When a receiving server gets your email, it looks up your DKIM public key in DNS and uses it to verify the signature. If the signature matches, the email is confirmed to have come from your server and has not been tampered with in transit.
In cPanel, DKIM is usually enabled by default. To verify, go to cPanel > Email Deliverability (sometimes called Email Authentication). If DKIM is not enabled, there will be an option to install it. cPanel generates the key pair and adds the DNS record automatically.
DMARC: Telling Receivers What to Do
DMARC (Domain-based Message Authentication, Reporting, and Conformance) builds on SPF and DKIM by telling receiving mail servers what to do with emails that fail those checks - and optionally, how to send you reports about what they see.
A DMARC record is a TXT record added to your DNS with the name _dmarc.yourdomain.ca.
A Sensible Setup Progression
Do not jump straight to a strict policy, as it can cause legitimate emails to be blocked if your SPF or DKIM setup is not perfect. Roll out DMARC in stages:
Stage 1 - Monitor only:
v=DMARC1; p=none; rua=mailto:dmarc-reports@yourdomain.ca
The p=none policy takes no action on failing emails but sends you reports so you can see what is happening.
Stage 2 - Quarantine:
v=DMARC1; p=quarantine; rua=mailto:dmarc-reports@yourdomain.ca
Failing emails are delivered to the spam folder rather than the inbox.
Stage 3 - Reject:
v=DMARC1; p=reject; rua=mailto:dmarc-reports@yourdomain.ca
Failing emails are rejected outright. Only move to this stage once you have confirmed all your legitimate email sources are correctly configured.
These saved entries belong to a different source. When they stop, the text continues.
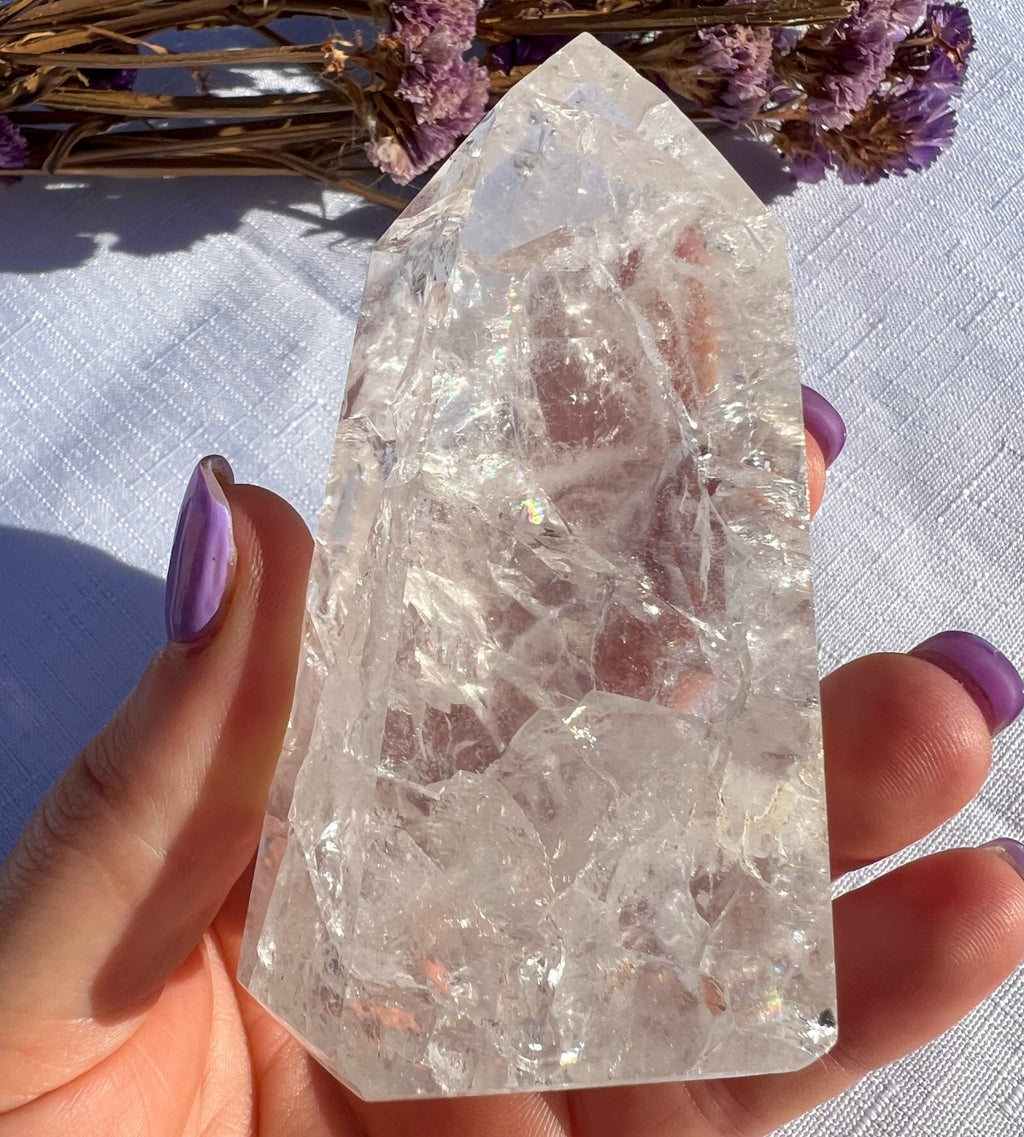 Also known as Fire and Ice Quartz it contains multiple rainbows within. Quartz is the master healer of the crystal world. It contains two elements light/dark with Yin/Yang energies to bring harmony.
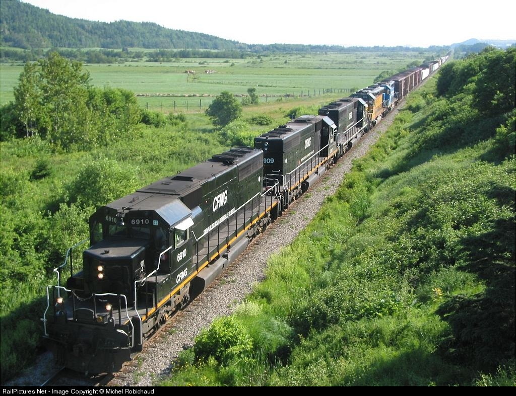 | CFMG SD-40 6910, 6909 and 6903, along with leased UP 2816 and GATX 7367 are pulling a long train on this beautiful June morning. |
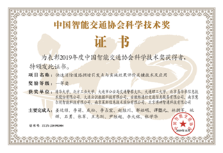 第5次荣获中国智能交通协会科学技术奖,此前已荣获一等奖一项、二等奖一项、三等奖两项。
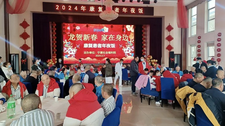 在新春佳节来临之际,为了使康复患者在节日期间感受家庭温暖,2月7日,宁夏社会福利院为他们举办了2024“龙贺新春 家在身边”年夜饭暖心活动。宁夏社会福利院党总支书记、院长郭朝东出席活动并致新年贺词。
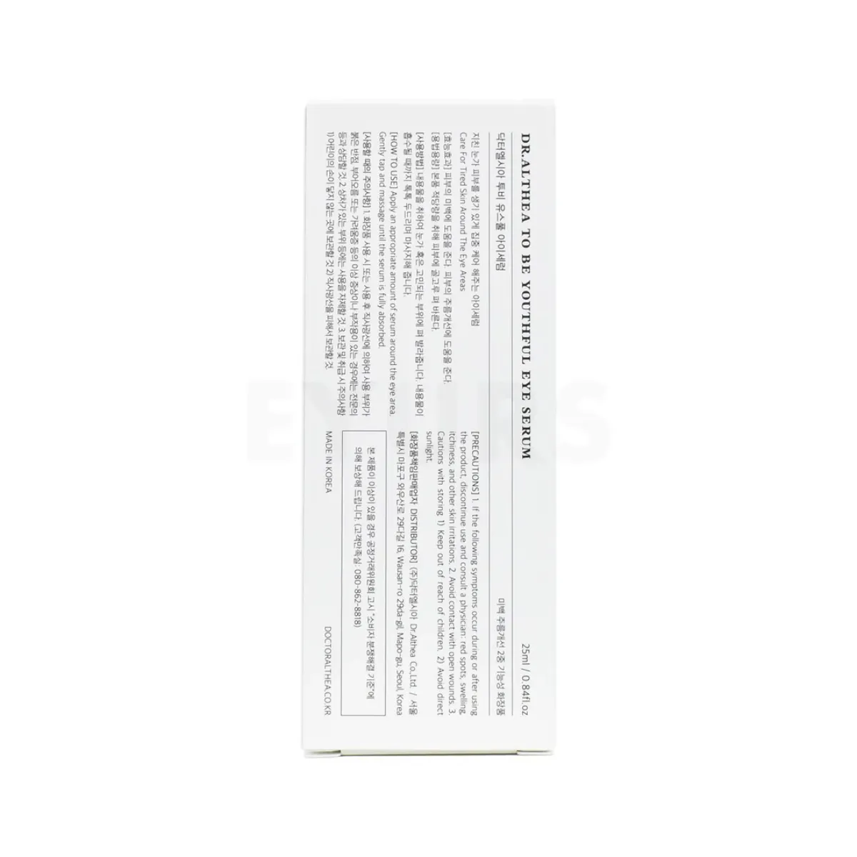 DR. ALTHEA To Be Youthful Eye Serum – atjaunojošs acu serums rada tieši šādu līdzsvara efektu. Viegls, serumam līdzīgs gels, kas ātri iesūcas, tomēr atstāj maigu, poras neaizsprostojošu „mikroplēvīti“ komfortam. Formula ar labi izpētītām aktīvajām vielām darbojas vairākos līmeņos: humektanti piesaista ūdeni, emolienti izlīdzina virsmu, savukārt peptīdi un kofeīns vēršas pret pietūkumu un sīkām grumbiņām.
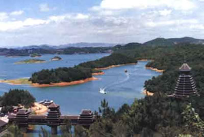 貴州國家級(jí)風(fēng)景名勝區(qū)之一的紅楓湖風(fēng)景名勝區(qū)是連貴州本地人都十分愛去游覽的地方,它不僅僅因它的湖泊面積大更因它的湖上星羅棋步的小島而吸引著本地的外地的游客。它的水域總面積為57.2平方公里,蓄水量可達(dá)6億立方米,為貴州高原人造湖之最,據(jù)專家考證出來的數(shù)據(jù)顯示,紅楓湖比北京的十三陵水庫大12倍,相當(dāng)于6個(gè)杭州西湖。
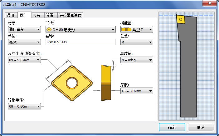 “新车削刀具”对话框分为五个选项卡,您可以从中编辑各个车削刀具:
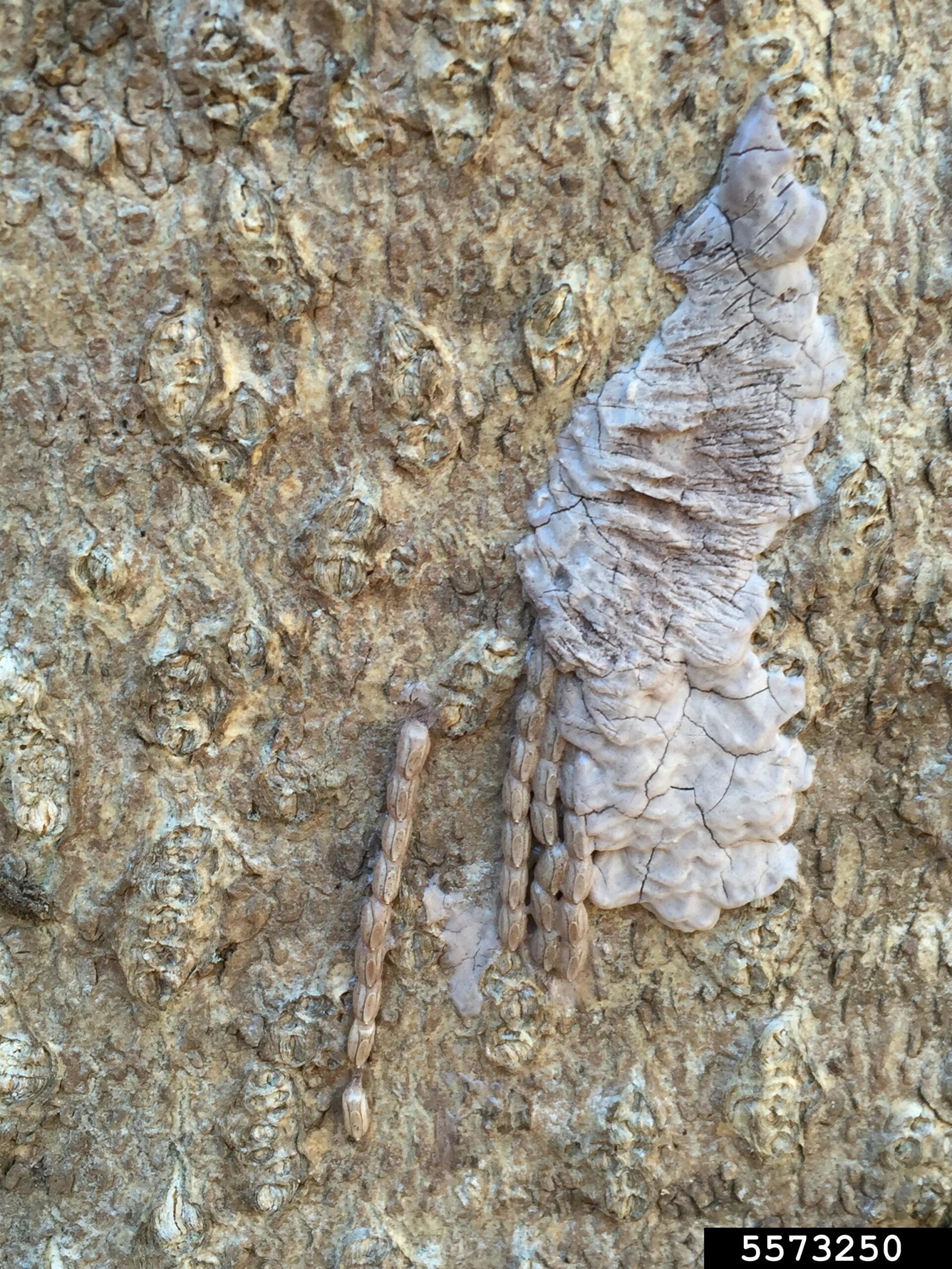 Spotted Lanternfly egg masses© Emelie Swackhamer, Penn State University, Bugwood.org

Checking Your Records with MXToolbox
Once you have set up your records, verify them using MXToolbox (mxtoolbox.com). Their free tools let you:
- Check your SPF record at mxtoolbox.com/spf.aspx
- Verify your DKIM record at mxtoolbox.com/dkim.aspx
- Analyze your DMARC record at mxtoolbox.com/dmarc.aspx
A clean pass on all three checks means your domain is properly protected and your legitimate emails are far more likely to land in the inbox rather than the spam folder.